United Airlines Abandons Full Year Guidance Due To Virus Uncertainty
Due to the Covid-19 outbreak in China, United Airlines has withdrawn its full-year 2020 forecast and warned it had seen a 100% decline in demand to China.
"Due to the heightened uncertainty surrounding this outbreak, its duration, its impact on overall demand for air travel and the possibility the outbreak spreads to other regions, the Company is withdrawing all full-year 2020 guidance issued on January 21, 2020," United said in a filing on Monday evening.
United suspended all flights between the US and Beijing, Chengdu, Shanghai, and Hong Kong through April 24. These routes represent about 5% of the airliner's 2020 planned capacity.
United noted that it had seen "100% decline in near-term demand to China and an approximately 75% decline in near-term demand on the rest of our trans-Pacific routes."
Investors fled airline stocks on Monday as the deadly virus spreads outside China. American Airlines, Delta Air Lines, and cruise ship industry were among the worst performers in the S&P500 on Monday.
And it's not a huge surprise United killed its guidance as analysts seemed to have refused to take note of the virus impact, even if the stock has...
On top of that, Mastercard warned about the fast-spreading virus, now moving across South Korea, Japan, Iran, and Italy could hurt revenue this year.
"Cross-border travel, and to a lesser extent, cross-border e-commerce growth, is being impacted by the Coronavirus. As a result, we now expect that if the trends we have seen recently -- primarily in our cross-border drivers -- continue through the end of the quarter, year-over-year net revenue growth in the first quarter will be approximately 2-3 percentage points lower than discussed on our January 29, 2020 earnings call. Under these circumstances, we would expect year-over-year net revenue growth of 9-10% in the first quarter on a currency-neutral basis, excluding acquisitions," Mastercard warned.

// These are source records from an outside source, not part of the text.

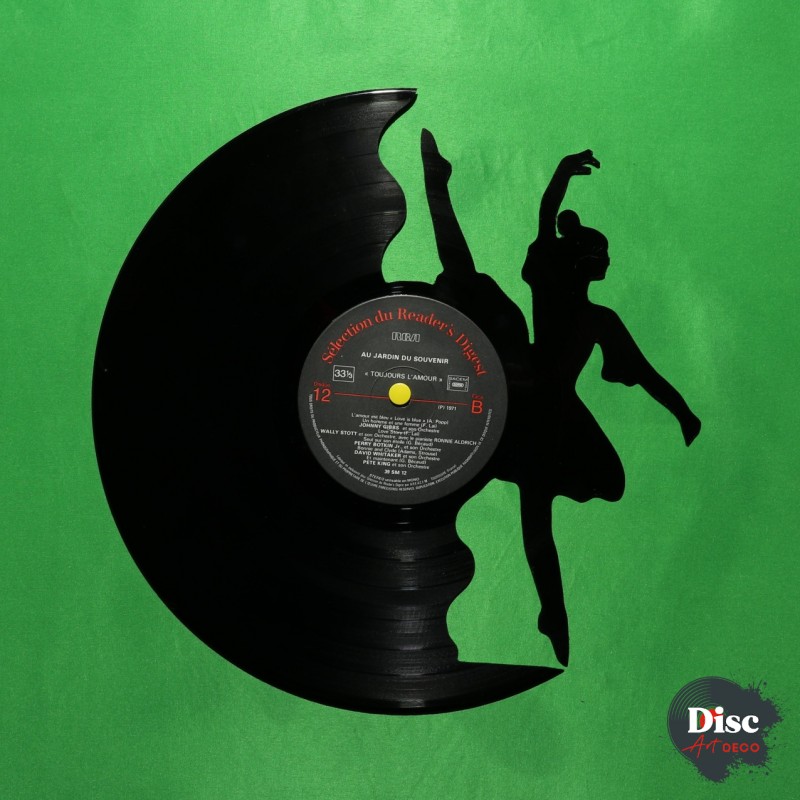 Disque vinyle découpé artisanalement, à la main, à l'aide d'une scie à chantourner.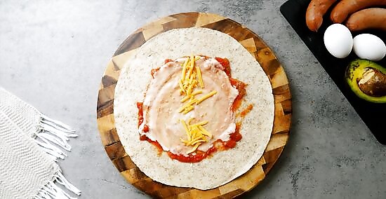 Add toppings. If you haven't added toppings yet, put them on top. Sprinkle cheese onto the mount of ingredients. Load sour cream or salsa along the line. This can be a fun way to spice up your breakfast burrito.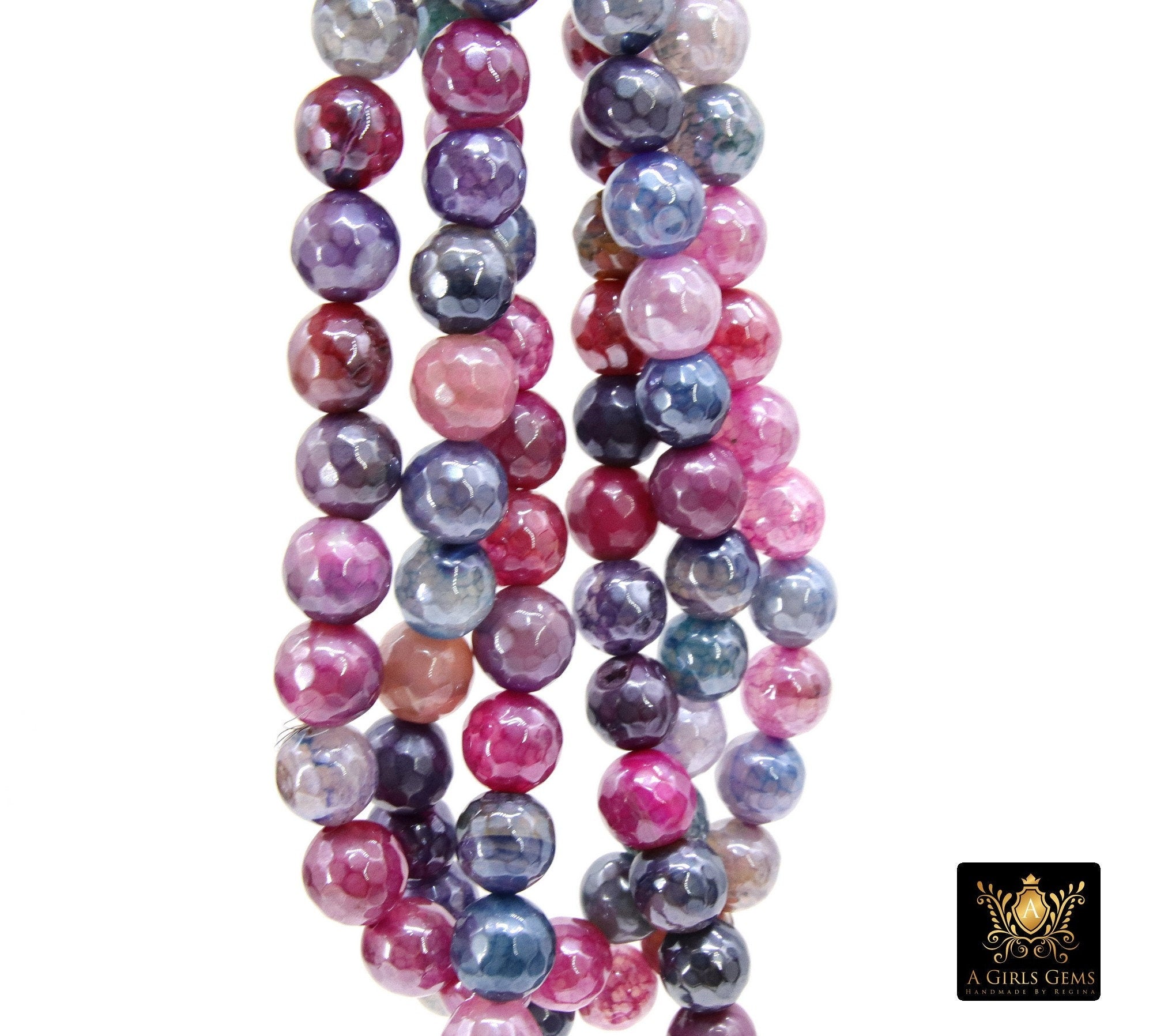 Electroplated Faceted Pink Lavender Agate Beads, Multi Colored Blue Purple Beads BS #241, sizes in 10 mm 14 inch FULL Strands

Mastercard added if the virus only impacts the first quarter, then "we expect that our 2020 annual year-over-year net revenue growth rate would be at the low end of the low-teens range."
Shares of both United and MasterCard ended lower on the session today as a broad stock market sell-off was sparked by the spread of the virus from East to West.
Other companies such as Apple, Qualcomm, Procter & Gamble have sounded the alarm on virus impacts for the first quarter, and perhaps weakness rolling into Q2.
And remember, President Trump's top economist, Larry Kudlow is paid to tell happy stories because if you knew the truth, you wouldn't be buying stocks.